Friday, December 28, 2018
The Allison V-1710
The P-38 Lightning, produced by Lockheed, was the most distinctive fighter plane of WW2 with its twin fuselage design. While the plane saw action in all theaters during the war, its greatest success was in the Pacific where it was used by America's top aces, Richard Bong (40 victories) and Tom McGuire (38), as well as the shoot down of Admiral Yamamoto's (the architect of the attack on Pearl Harbor) plane over the Solomon Islands in 1943.
The distinctive configuration also prevented it being shot down by friendly fire, a fate that took all too many P-51s and P-47s. There was no mistaking the P-38 profile for any enemy fighter.
The Lightning was powered by two liquid-cooled Allison V-1710 engines, fit with turbochargers, manufactured by the Allison Engine Company which was acquired in the 1930s by General Motors. The Allison was a 12 cylinder engine with the initial models rated at 1,000 hp (later increased to 1,600 hp). It was a perfect fit for the P-38. Later in the war it was less successful when used in the early version of the P-51, a fighter which only achieved dominance in the European theater in 1944 when the Allison powerplant was replaced by the Rolls-Royce Merlin engine.
(Allison V-1710 on display at Commemorative Air Force Museum in Mesa AZ)
My 96-year old father in law was trained as a mechanic for the Allison 1710 in Long Beach, California and worked on P-38 engines in 1941 and 1942. He still loves the P-38 and the Allison. Recently we were was able to find online for sale an original 1942 maintenance manual for the engine and give it to him for Christmas. Pictured below is the front cover.
In September 1942 my father in law enlisted in the Navy and was trained as a pilot. His initial training was on the Stearman/Boeing VN2S Kaydet biplane pictured below.

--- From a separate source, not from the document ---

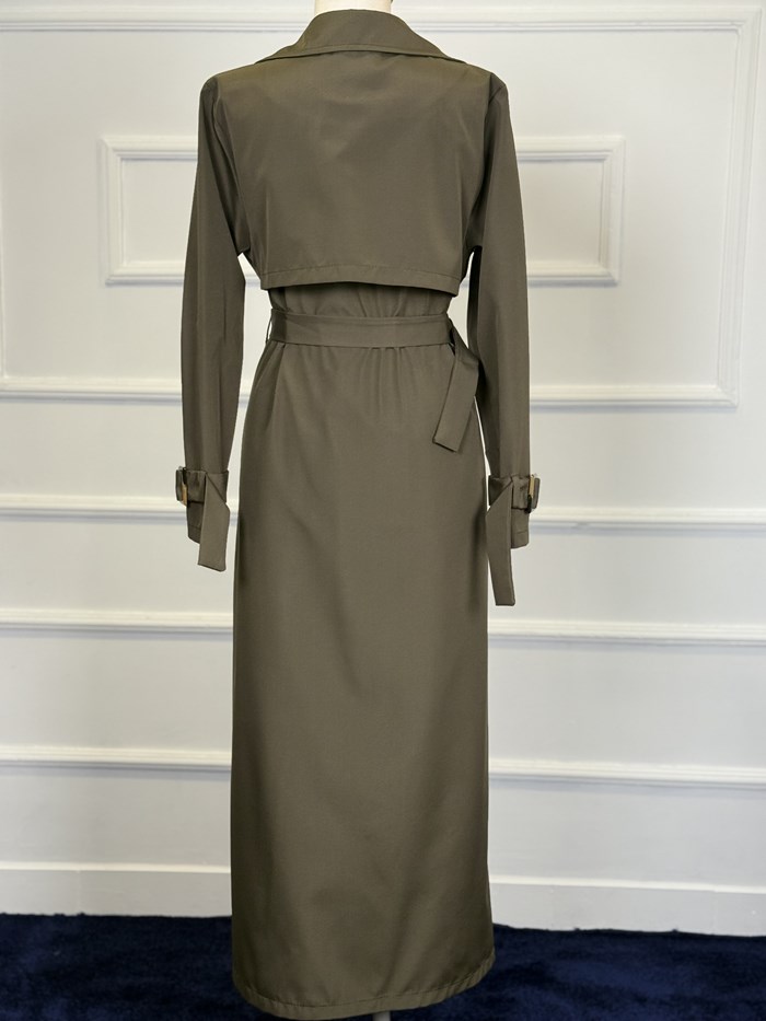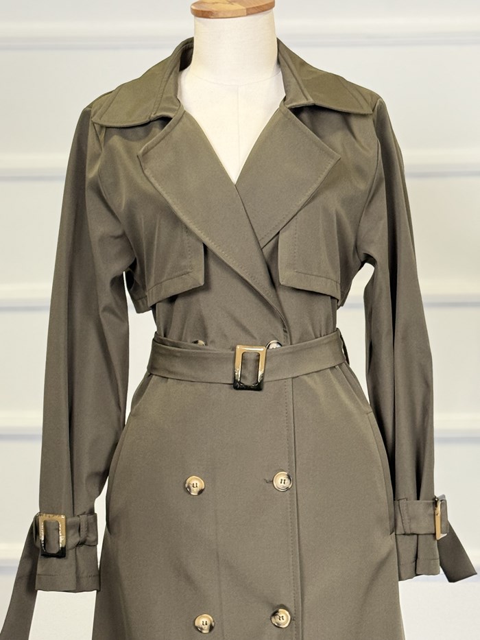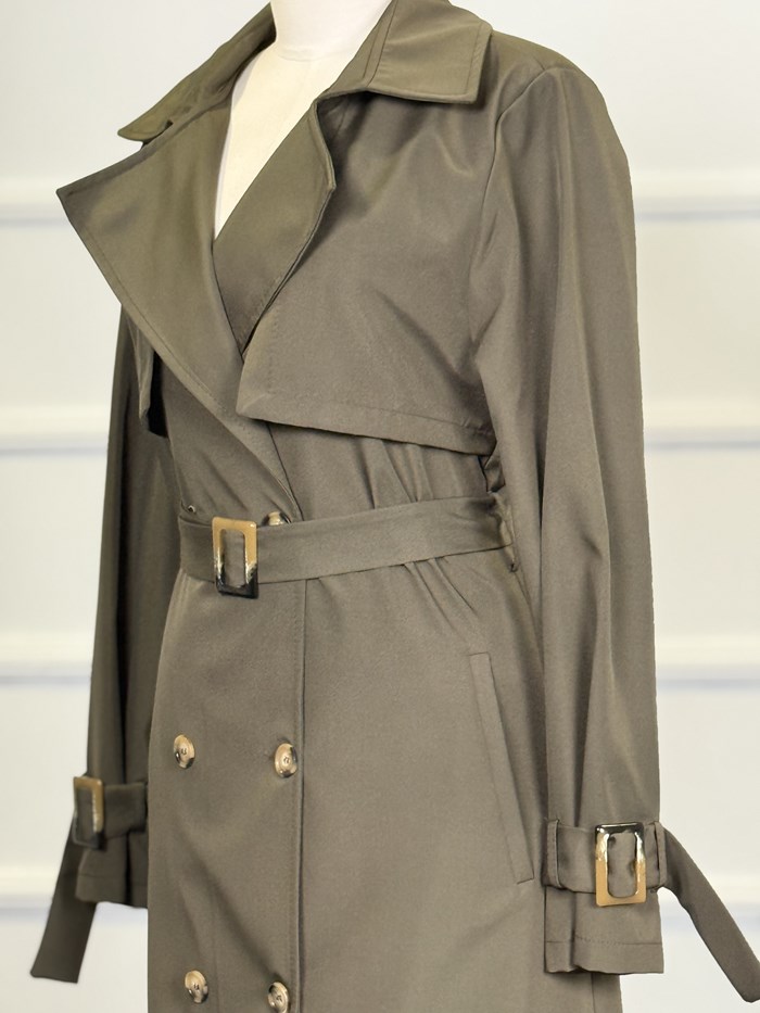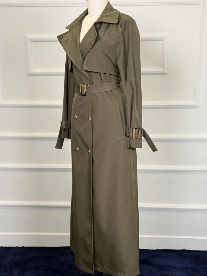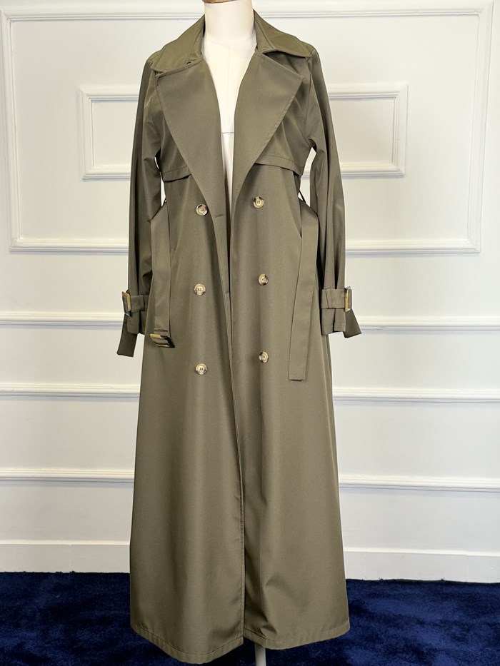 Su Geçirmez Kruvaze Yaka Uzun Trençkot RC3056

Once qualified as a Navy pilot he was based in San Diego and ferried Lockheed Ventura PV light bombers to Quonset, Rhode Island. The Ventura was used for coastal defense by both the US and the UK's Royal Air Force and is credited with sinking several submarines. Below is a photo of a Ventura PV-2 which I took on my recent visit to the Commemorative Air Force Museum in Mesa.